Migrant crisis is the intense difficulty, trouble, or danger situation in the receiving state (destination country) due to the movements of large groups of immigrants (displaced people, refugee or asylum seeker) escaping from the conditions (natural or artificially created) which negatively affected their situation (security, economic, political or societal) at the country of origin (departure). The "crisis" situation is not the refugee numbers (number of migrants seeking protection) but the system's failure to respond in an orderly way to the government's legal obligations. Some notable crises are; European migrant crisis, English Channel migrant crisis and World War II evacuation and expulsion.

A refugee crisis refers to a movement of "large" groups of displaced people, and may or may not involve a migrant crisis. The US government's legal obligations inadvertently created the 2014 American immigration crisis. The crisis developed because of unaccompanied children who do not have a legal guardian to provide physical custody (USA ratified the Convention on the Rights of the Child), and care quickly overwhelmed the "local border patrols" creating a migrant crisis. Push-Pull view: The "refugee crisis" is a humanitarian one for those adopting the "Push" factors as main cause, while they acknowledge that reasons for migration may be mixed, even the refugees as weapons. For those focusing on "Pull" factors, the "migration crisis" has its roots in border enforcement policies (Immigration system) that were perceived as not sufficiently strict and the need for cheap workers for US business (family separation policy), severe (Operation Streamline), or careful (catch & release) by potential migrants. Compared to refugee crisis (refugee is a refugee), migrant crises also have a separate or distinguish between the “deserving” refugee from the “undeserving” migrant and play into fear of cultural, religious, and ethnic difference in the midst of increasing intense, excessive, and persistent worry and fear about everyday situations and lacking in predictability, job security, material or psychological welfare for many in Europe (such in closure of Green Borders).

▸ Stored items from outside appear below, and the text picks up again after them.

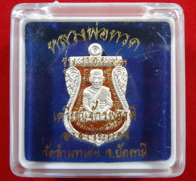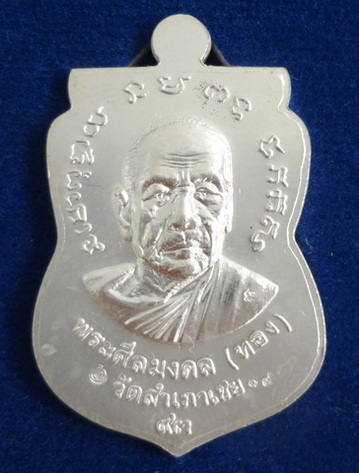 เหรียญทองจักรพรรดิ์ (เหรียญเสมาหลวงปู่ทวดหน้าเลื่อน 2 จุด ประคตขาด ช้างปล้อง หลังหลวงพ่อทอง) รุ่นทอง 93 หลวงพ่อทอง วัดสำเภาเชย จ.ปัตตานี ปี พ.ศ.2553 เนื้อเงินลงยาสีแดง ตอกโค๊ตละหมายเลข ๑๙ จำนวนสร้าง 999 เหรียญ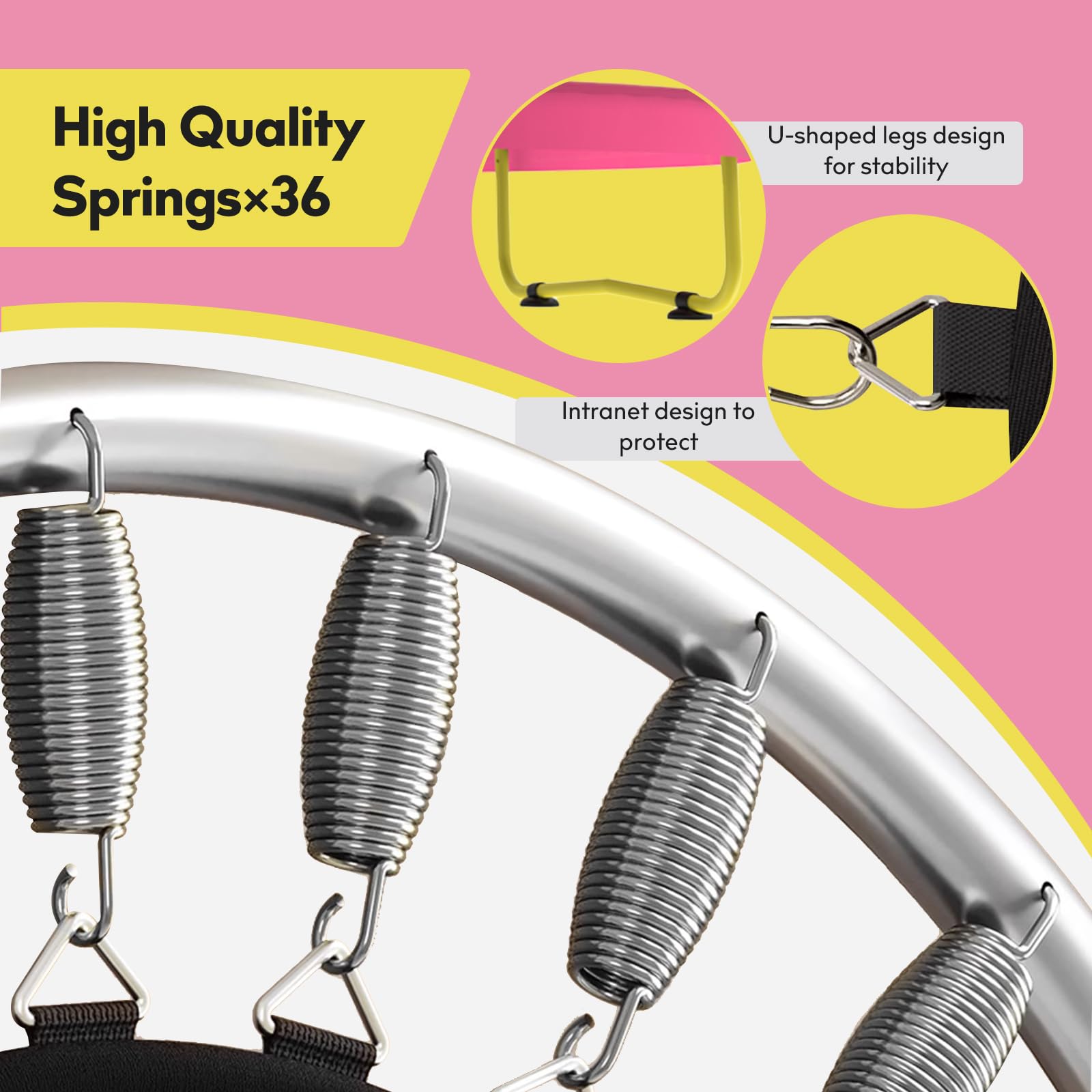 - 【FUN TO USE】The Kids Trampoline has 36 fully stretched springs so kids can experience the fun of bouncing as they play. Jumping is a great way for kids to release their energy and develop gross motor skills for fun as well as exercise. Keep your kids from getting addicted to video games, this trampoline is the perfect choice,can be installed indoors, outdoors, garden or backyard. Really a creative trampoline toys for toddler indoor/outdoor.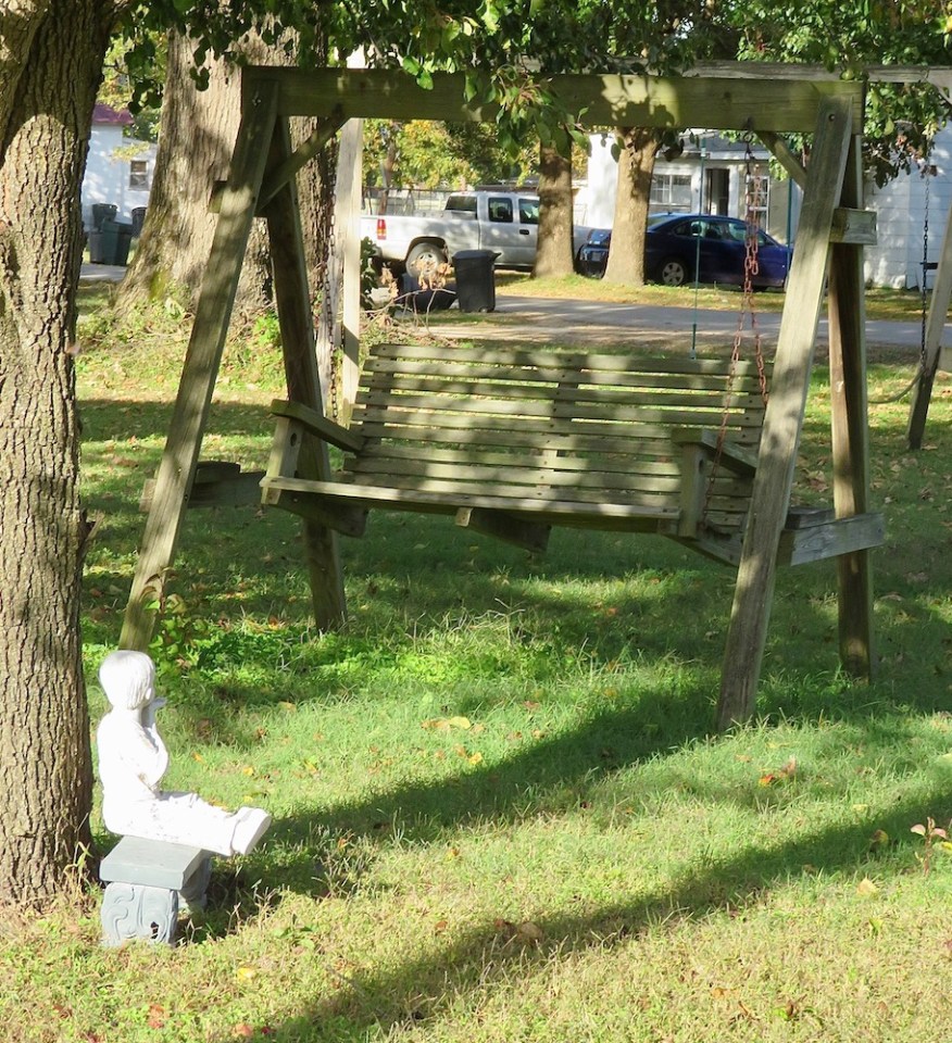 IMG_3695 2 ← Previous Next → and a stone kid who will never swing in that swing. Unless, perhaps, on Halloween Eve, some trickster relocates him to his desired spot.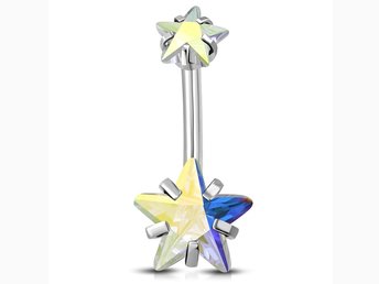 Navelpiercing i Stål 316L i Silver Färg - Stjärnor med Skiftande Kristaller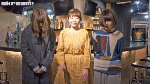 Content description: three women are standing in front of a bar with skriam written on the bottom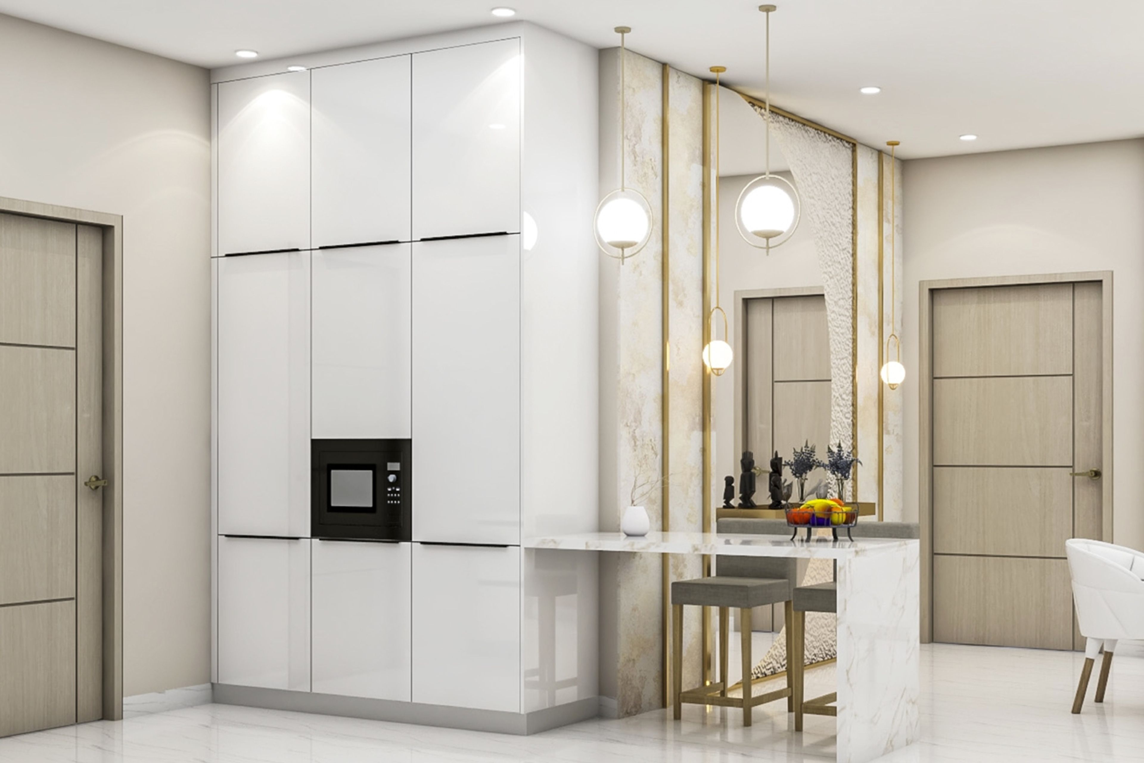 You can estimate the cost of Contemporary Modular Open Kitchen Design In Frosty White With Frosted Shutters easily using the Livspace Modular Kitchen Cost Calculator. Enter your kitchen size, materials, and finish preferences to receive a personalized price estimate instantly.

"Migrant crisis management" involves dealing with issues ("immigration system", "resource management", etc.) before, during, and after they have occurred. According to Global Crisis Centre, migrant crisis management is shaped using the definitions and responsibilities outlined in the UN's Convention Relating to the Status of Refugees and subsequent Protocol Relating to the Status of Refugees and international solidarity and burden-sharing with collaboration, communication and information dissemination, which are needed for solving migratory issues of the world.

Crisis management 
Immigrant receiving states need effective management strategies at achieving a set of tasks for responding to the threat [reasons of crisis] to re-establish a perceived normalcy.

"Transboundary crisis management" (migration is transboundary) involves co-decision, shared procedures and collective instruments in aligned with the steps below:
Detection: Recognition of threat.  (process: emerging-timely) 
Sense-making: critical information for picture of the situation. (process: the collecting, analysing, sharing)
Decision-making: formulation of an effective strategy (process: formulation of key decisions)
Coordination: collaboration between key partners. 
Meaning-making: Messaging on the path taken (process: explanation, actionable advice, and a sense).
Communication: message delivery (victims, citizens, stakeholders, ...). 
Accountability: Production of documents that list the decisions and strategies.

European migrant crisis 
Management of the crisis shows succession of four scenarios.
 (2011 fall of Gaddafi) Libya let the flow of irregular migrants. EU Commission approve "Communication on Global Approach to Migration and Mobility" (GAMM). 
 (November 2013-October 2014) The Italy's humanitarian Operation Mare Nostrum. 
 (November 2014-September 2015) The EU recognize humanitarian and migratory pressures shelves GAMM and develops another comprehensive approach
 (October 2015) Migrants and refugees: the European Council secure the borders against the unwanted migrants and refugees. (Valletta Summit on Migration)

Role of NGO 
Institution that works in this area is the Migration Policy Institute.  Global Crisis Centre of PricewaterhouseCoopers works on migrant crisis management.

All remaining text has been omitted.